A Silver Bullet For Sane AI
AI Pluralism is Already here, it’s just not Evenly Distributed
How do we solve the problem of a few far left activists forcing AIs, such as ChatGPT or Google Gemini, to conform to their ideology?
Imagine a world where GPT-4 is aligned with the user – a world where no third party can manipulate the ideology of a machine model you are paying to use. This is the policy goal of AI Pluralism. It should be one policy goal of the reality focused coalition: moderate liberals, centrists, conservatives, libertarians, and anyone who cares about truth. To many people I speak to, it sounds like a fantasy. It is also the present day reality if you are an OpenAI engineer.

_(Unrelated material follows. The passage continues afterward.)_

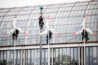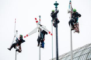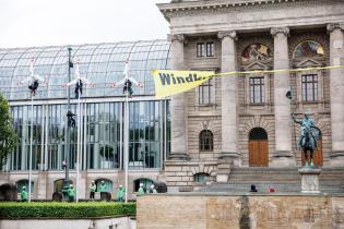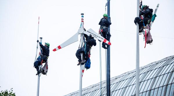 Denn an diesem Mittwoch, kurz vor Sonnenaufgang, pirschen sich 26 Greenpeace-Aktive an die Staatskanzlei heran. Unentdeckt von den regelmäßig vorbeifahrenden Streifenwagen, gelangen sie an ihr Ziel. An die rund acht Meter hohen Fahnenmasten stellen sie in Windeseile mitgebrachte Leitern und beginnen mit dem Aufstieg. Die ersten Meter sind dank der Leitern schnell überwunden, dann beginnt die harte Arbeit. Mit Seilen und Karabinern ausgestattet, ziehen sie sich Zentimeter für Zentimeter an den glatten Metallstangen empor. Oben angekommen, befestigen sie sechs Rotoren und ein Banner. Geschafft. Die Sonne geht auf und strahlt über etwas, was man in Bayern sonst nicht so oft zu Gesicht bekommt: Sechs Windräder. Zwischen ihnen erstreckt sich ein 25 Meter langes Banner mit der Botschaft: “Windkraft statt heißer Luft, Herr Söder”.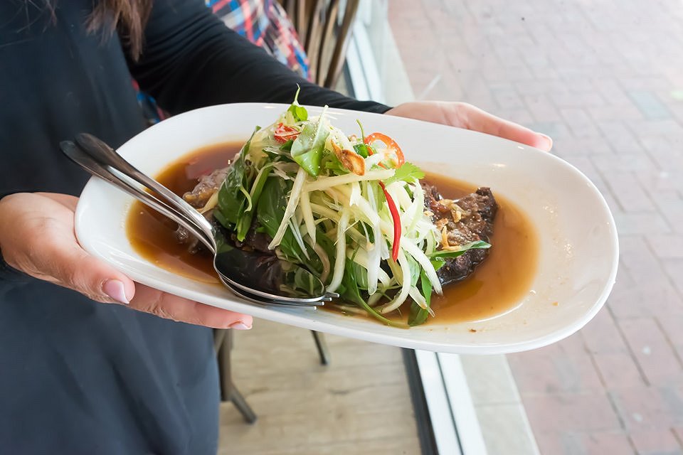 When you enter, you’re greeted by lovey smiles from staff and your eyes are instantly drawn upwards, to lines of colourful festival flags. To the left, a wall showcasing the beauty of Thailand through storyline photography of warm smiles, food and nature. Kin Kin Thai Eatery have created the perfect space for diners to feel like they’re in Thailand without actually being there. Co-owners and also Chef’s, Noppadol Sophon and Trinai Kiattiwong have put their experiences and minds together to curate a new menu that is both innovative and creative.

An unvarnished, non-ideologically-manipulated GPT-4 is not a fantasy. It literally already exists. Of course, it still has errors and minor data contamination problems. But compared to the public versions of GPT-4, it is put through far less ideology filtering. The same is true of Gemini, Claude, Grok, and essentially every model I’m aware of.
Here is the crucial fact: machine learning typically occurs in two stages. The first develops the capabilities of the model and is far more resource-intensive (read: expensive). The second is “fine-tuning”, which uses intentionally human-curated or human-generated data to change style, specialization, genre, and most importantly in this case, ideology. The first stage costs hundreds of millions if not billions, in the case of GPT-4. The second stage is cheap, costing hundreds of dollars. Major companies such as OpenAI already released public fine-tuning infrastructure (for a price), namely GPTs.

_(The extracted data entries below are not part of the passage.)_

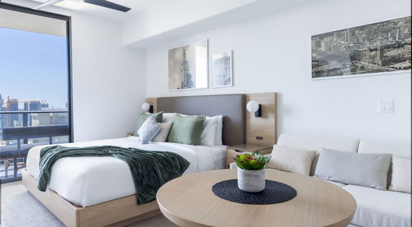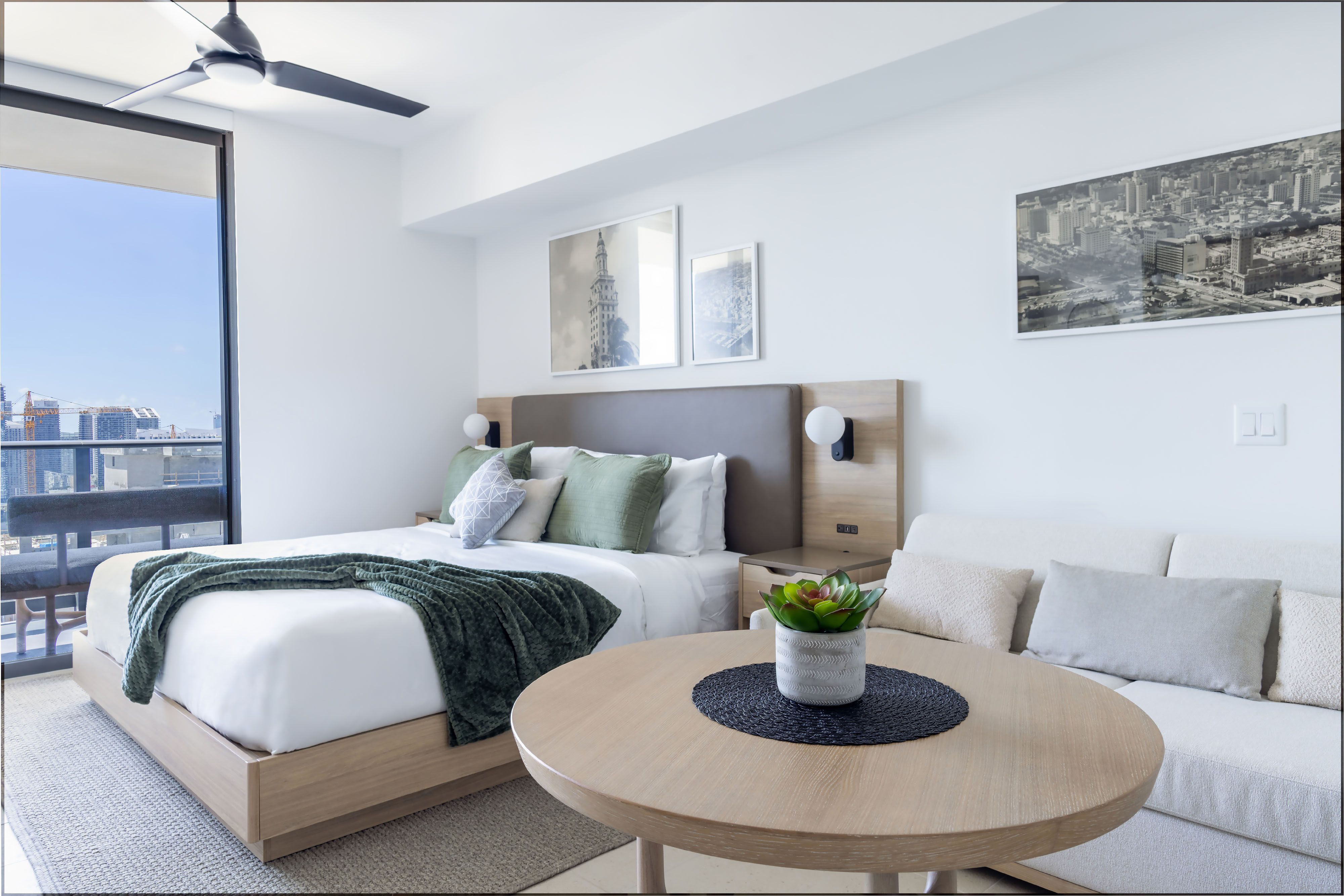 Located in Downtown Miami, this studio apartment places you in the heart of the action. Step outside and you'll find shops, restaurants and bars on your doorstep, while South Beach is around a twenty-minute drive away – or you can hop on one of the apartment's bicycles and explore the nearby waterfront. The space itself is elegant but compact, with limited dining space – especially if you're travelling as a group of four – though the private balcony makes a dreamy spot for evening drinks. Better yet, you'll have access to the building's rooftop pool and gym.
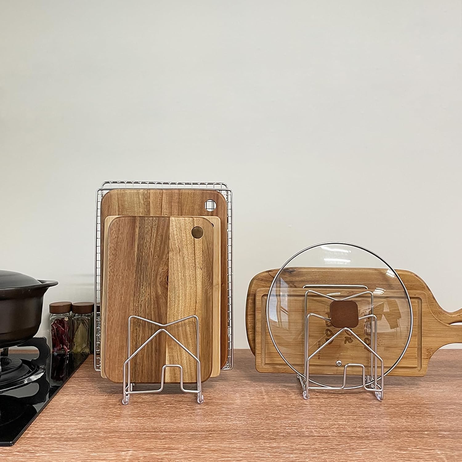 - VERSATILE FITS ANYWHERE: this cutting board organizer works great as lid organizers inside cabinet, or pots and pans organizers under cabinet. It saves valuable countertop space in kitchen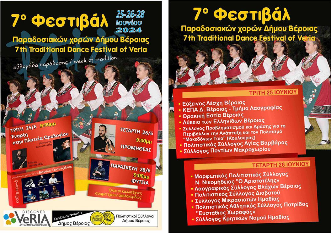 Παραδοσιακών Χορών του Δήμου Βέροιας, το οποίο θα πραγματοποιηθεί για τρεις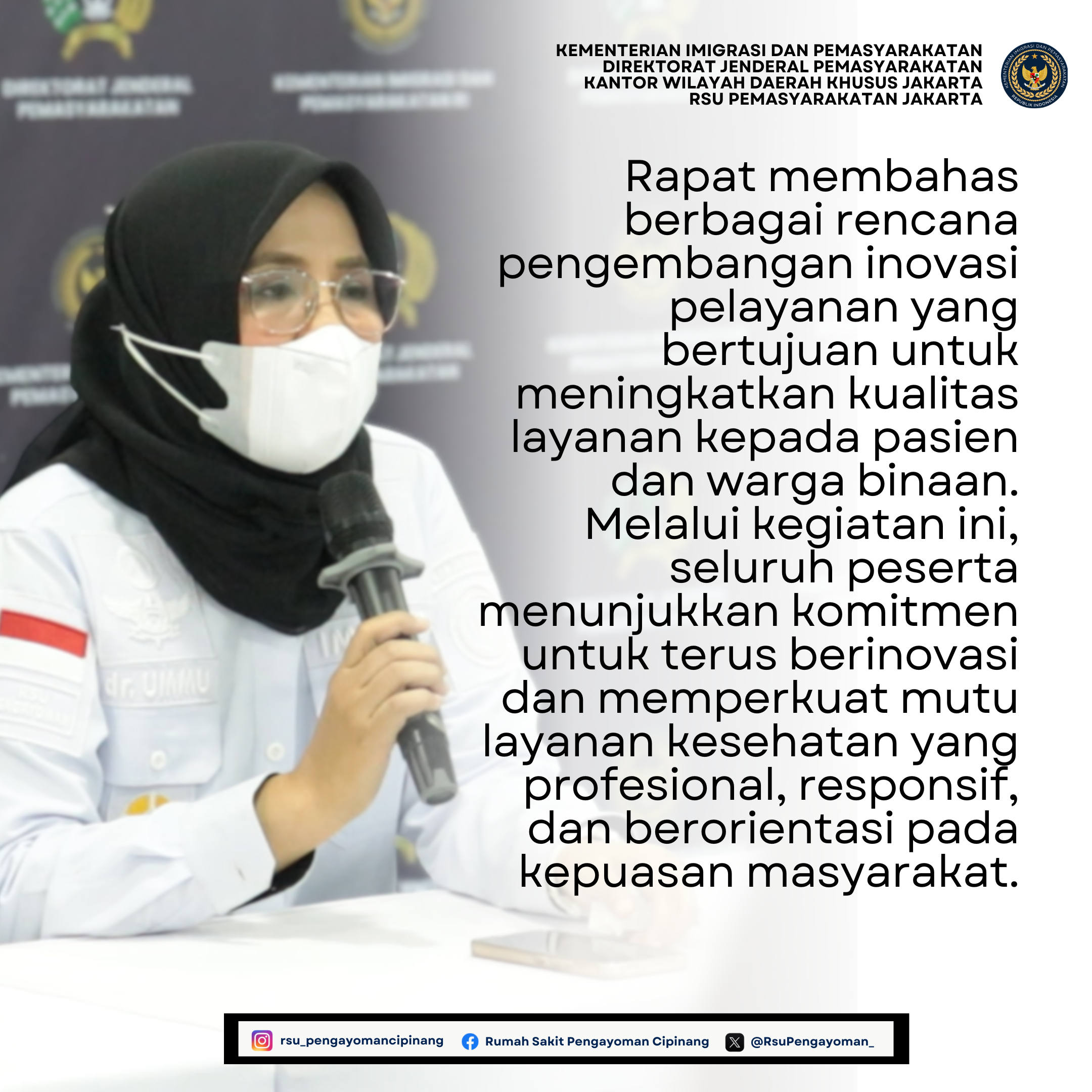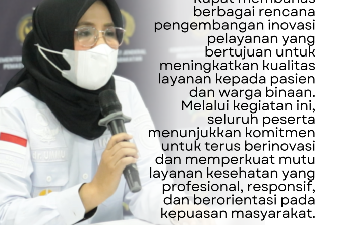 Rapat membahas berbagai rencana pengembangan inovasi pelayanan yang bertujuan untuk meningkatkan kualitas layanan kepada pasien dan warga binaan. Melalui kegiatan ini, seluruh peserta menunjukkan komitmen untuk terus berinovasi dan memperkuat mutu layanan kesehatan yang profesional, responsif, dan berorientasi pada kepuasan masyarakat.

The policy goal of the reality-focused coalition should be to require that any release of the second iteration of the model requires a similar release of the first iteration of the model.
The are several downsides to this policy:
It may incentivize far-left extremists to attempt to contaminate data in earlier stages of training. However, companies face constraints on allowing this: the first stage of training is far more expensive, meaning that the fine-grained conformity extremists seek will be far more costly.
While these stages are currently well-defined from a research and engineering perspective, it is difficult to define them from a legal perspective. A loose legal definition may allow companies to pass off their current release models as “first stage” models.
It does not solve the underlying problem of extremist activists being employed by large tech companies. While it may make their ideological influence more difficult, it will not reduce it to zero.
I don't really think this is a problem that needs solving.
The reason this stuff is happening is that currently AI models aren't a buisness product but a PR move -- look see how awesome we are you should totally buy our stock/come work here/give us funding. But this is what you expect from PR stunts, functionality is secondary to avoiding getting people upset (it's just they did this very badly).
Once these are actually mostly revenue streams I expect the consumers will be given control over the filters to allow them to best use the product. It won't be news that someone got their AI to say something racist when they turned off that filter anymore than it's news that I can add the n-word to my autocomplete dictionary.
The government itself will regulate what AIs we get to use within a decade should the AI's usefulness prove out, and the ideologues will be in control. It will be done to protect us from misinformation and to protect democracy.